RECORDS FOR THIS EXERCISE =>
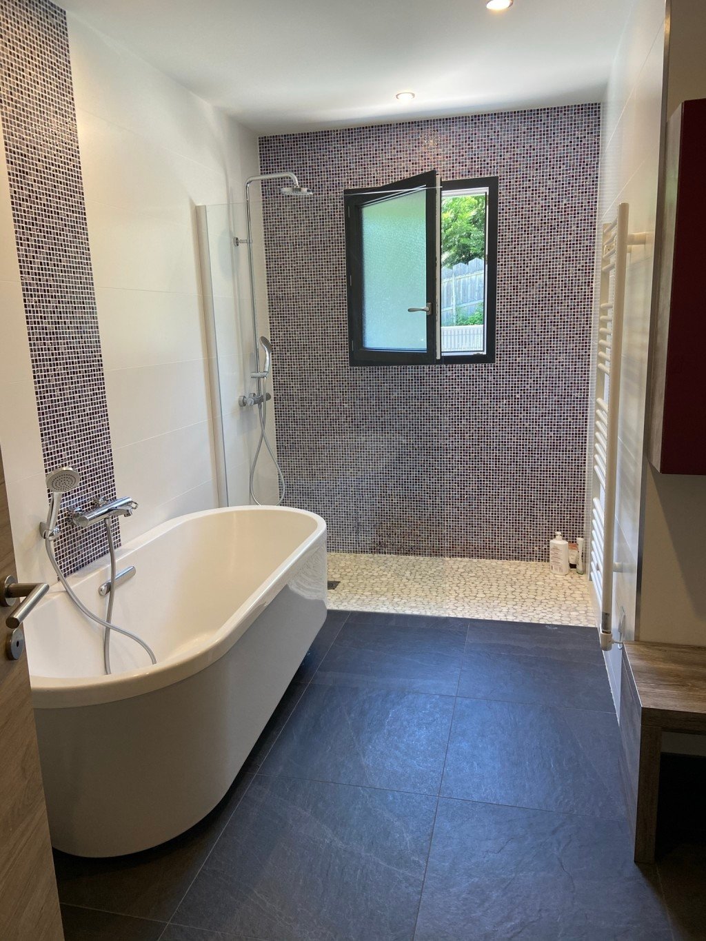 - Chambre 2 : dressing/ SDB 1 (douche italienne + baignoire + WC)
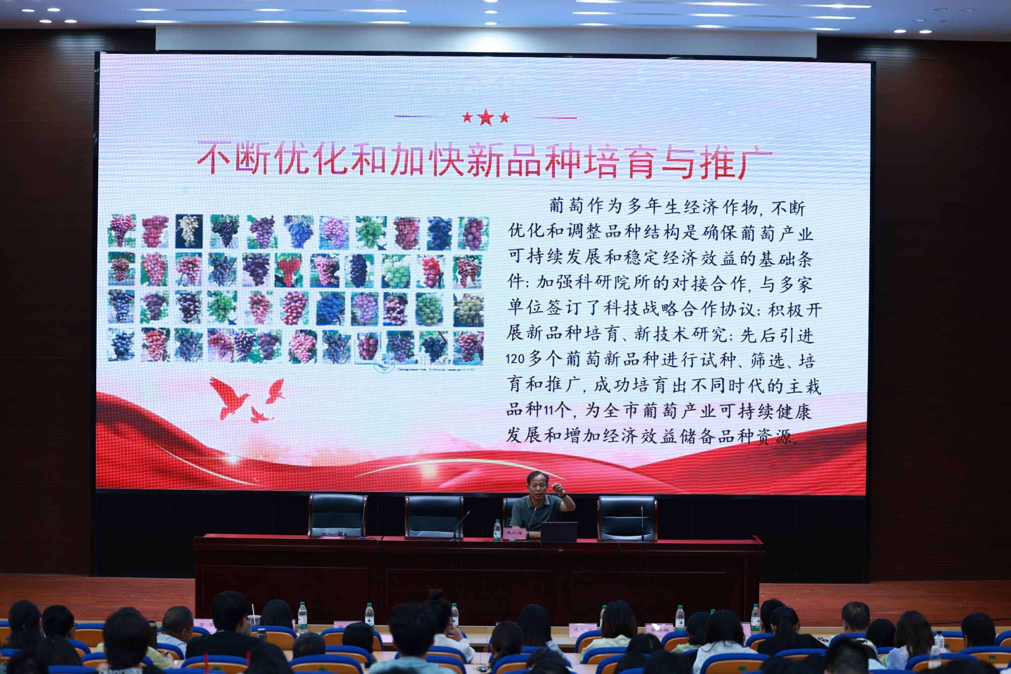 活動(dòng)當(dāng)天,朱屹峰以“科技創(chuàng)新助推葡萄產(chǎn)業(yè)高質(zhì)量發(fā)展”為題,結(jié)合自身30余年來(lái)從事葡萄種植和技術(shù)推廣的經(jīng)歷,用質(zhì)樸的語(yǔ)言、生動(dòng)的事例,講述了自己扎根農(nóng)業(yè)一線,潛心鉆研葡萄種植技術(shù),不斷探索創(chuàng)新,帶領(lǐng)農(nóng)民致富的故事,激勵(lì)師生“在創(chuàng)新中突破,在實(shí)干中圓夢(mèng)”。
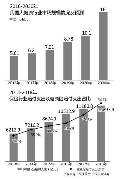 从投资端来看,健康险乐观的市场前景给了很多保险机构信心,纷纷探索与“大健康”产业融合,推动医疗健康管理服务与保险业务相互促进,部分大型保险公司的布局已颇见成效。
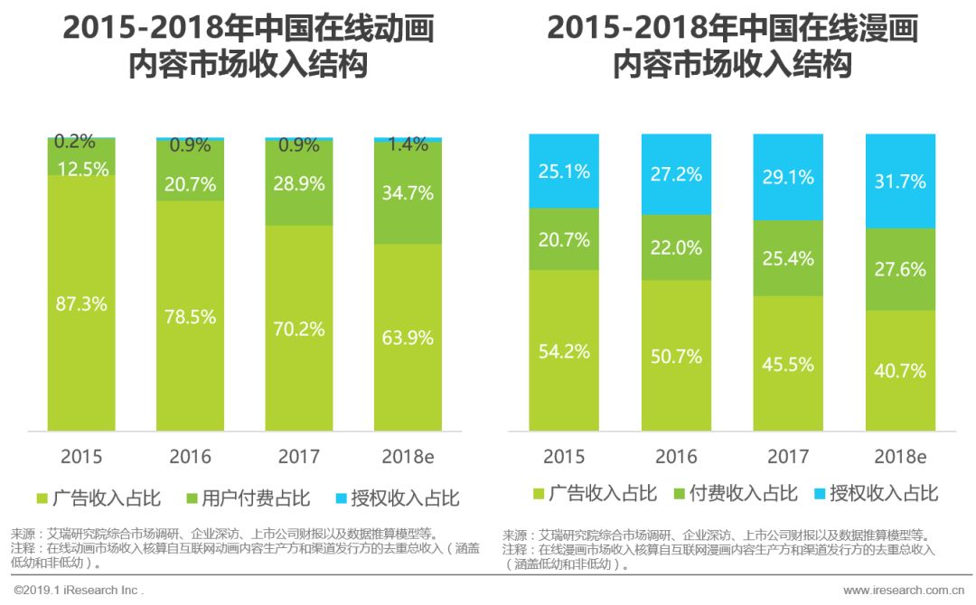动画收入更多在内容播映,漫画收入授权衍生占比更高
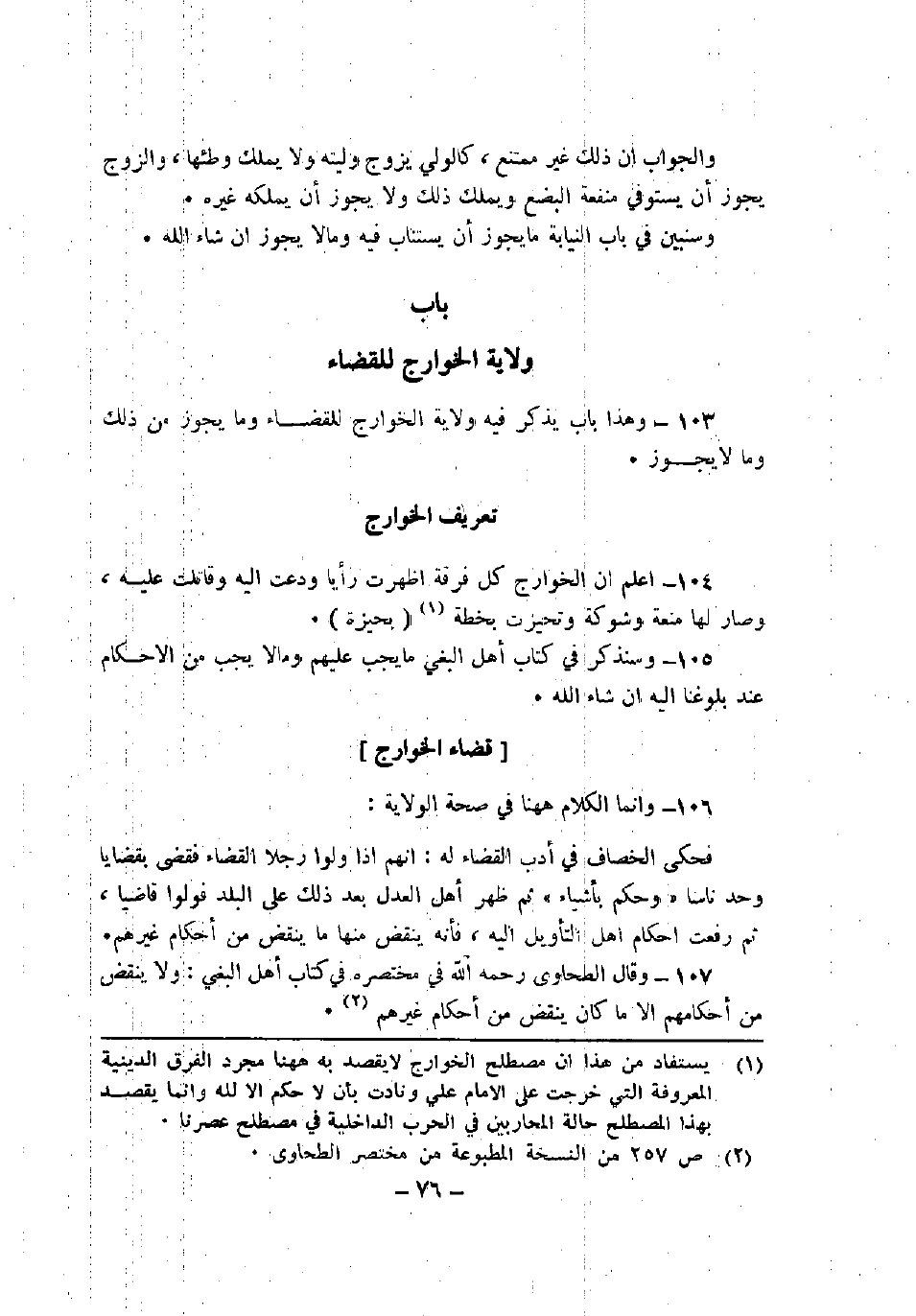104 - اعلم أن الخوارج كل فرقة أظهرت رأيًا ودعت إليه وقاتلت عليه، وصار لها منعة وشوكة وتحيزت بخطة (بحيزة).

GOAL OF THE EXERCISE => Copy every record character for character. Skip the pictures.

RESPONSE TO THE TASK =>
 - Chambre 2 : dressing/ SDB 1 (douche italienne + baignoire + WC)
 活動(dòng)當(dāng)天,朱屹峰以“科技創(chuàng)新助推葡萄產(chǎn)業(yè)高質(zhì)量發(fā)展”為題,結(jié)合自身30余年來(lái)從事葡萄種植和技術(shù)推廣的經(jīng)歷,用質(zhì)樸的語(yǔ)言、生動(dòng)的事例,講述了自己扎根農(nóng)業(yè)一線,潛心鉆研葡萄種植技術(shù),不斷探索創(chuàng)新,帶領(lǐng)農(nóng)民致富的故事,激勵(lì)師生“在創(chuàng)新中突破,在實(shí)干中圓夢(mèng)”。
 从投资端来看,健康险乐观的市场前景给了很多保险机构信心,纷纷探索与“大健康”产业融合,推动医疗健康管理服务与保险业务相互促进,部分大型保险公司的布局已颇见成效。
动画收入更多在内容播映,漫画收入授权衍生占比更高
104 - اعلم أن الخوارج كل فرقة أظهرت رأيًا ودعت إليه وقاتلت عليه، وصار لها منعة وشوكة وتحيزت بخطة (بحيزة).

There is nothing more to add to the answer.